Odger also was an active Boy Scout troop leader and a director of both the Hopewell Township Volunteer Fire Department and Hopewell Firemen's Relief Association. The fire department was created in 1940, four years after the Miners moved there, after a major fire occurred on South Heights Road. Two years later, in 1942, the department members pooled their funds to purchase two old fire trucks from the Aliquippa Fire Department -- a 1916 Brockway and 1918 American LaFrance. According to Aliquippa historian Gino Piroli, a columnist with the Beaver County Times, the fire department was the unofficial center of the local Republican party during those years. Seen here, Odger stands second from right on the running board of the Brockway truck, along with Hopewell volunteer firemen Lester Ramsey, Clyde Spieker, Walter Ramsey and R. Lee Ramsey. 

(The Brockway fire truck image was the Minerd.com "Photo of the Month" for April 2014 and was further reprinted by the Beaver County (PA) Times as part of its "Vintage Views" feature on April 28, 2014.)

An actual fire hall building was constructed in 1945 at the corner of Brodhead Road and McKinley Avenue, just down the street from the Miners' dwelling at 3006 McKinley. As a boy, the founder of this website attended fish fries and an auction at the fire hall over the years.

The Hopewell firemen knew how to poke fun at themselves during parades.
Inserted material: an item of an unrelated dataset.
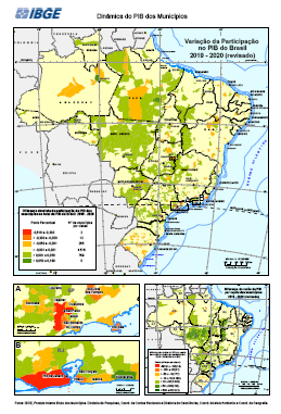 "Conjunto de mapas exibindo a diferença entre a participação do PIB do município no total do PIB do Brasil em 2020 e a participação do PIB do mesmo município do PIB do Brasil em 2019 em pontos percentuais e exibindo a diferença da razão do PIB per capita do município ante o PIB per capita do Brasil em 2020 e a razão do PIB per capita do mesmo município ante o PIB per capita do Brasil em 2019 em número índice (PIB per capita do Brasil = 100) Estatísticas macroeconômicas. Dados por município. Períodos de referência 01/01/2019 a 31/12/2019 e 01/01/2020 a 31/12/2020. Para o cálculo foi utilizada a População residente estimada para 1º de julho de 2019 e 2020, segundo os municípios, enviada ao Tribunal de Contas da União – TCU. Dados em R$ por pessoa Contas Nacionais Periodicidade anual IBGE, Produto Interno Bruto dos Municípios. Diretoria de Pesquisas, Coordenação de Contas Nacionais e Diretoria de Geociências, Coordenação de Meio Ambiente. IBGE, Malha Municipal 2020"

They would place a box of old engine parts in a compartment in the engine area of the truck. When driving up to the judging stand, one of them would pull a string causing the parts to fall to the ground with a loud clattering sound, and another would make the truck backfire, adding more sound effects. Then they would run to the front of the truck, gather back all of the parts, and continue driving along. The stunt was guaranteed to amuse spectators, time after time.

While a schoolboy watches in wonder, Odger drives a modern firetruck, with the old Brockway truck behind

 

~ Other Community Activity in Hopewell ~

Continuing their interest in history, Odger and Monalea were founding members of the Mill Creek Valley Historical Society, a region in the south side of Beaver County. He collected antique lamps, and one later was donated to the Baker-Dungan Museum at the Beaver Campus of Penn State University. A local newspaper once said his lamps were important:

 

Odger and
grandson Mark

...not only for their own value locally, but also in the wider context of their relation to county, state and national history....  Many of his lamps have been collected locally, for example, one said to be from the old Academy in New Sheffield, but he has obtained others from Boston to Florida, and throughout Ohio, Pennsylvania, and the W.Va. panhandle.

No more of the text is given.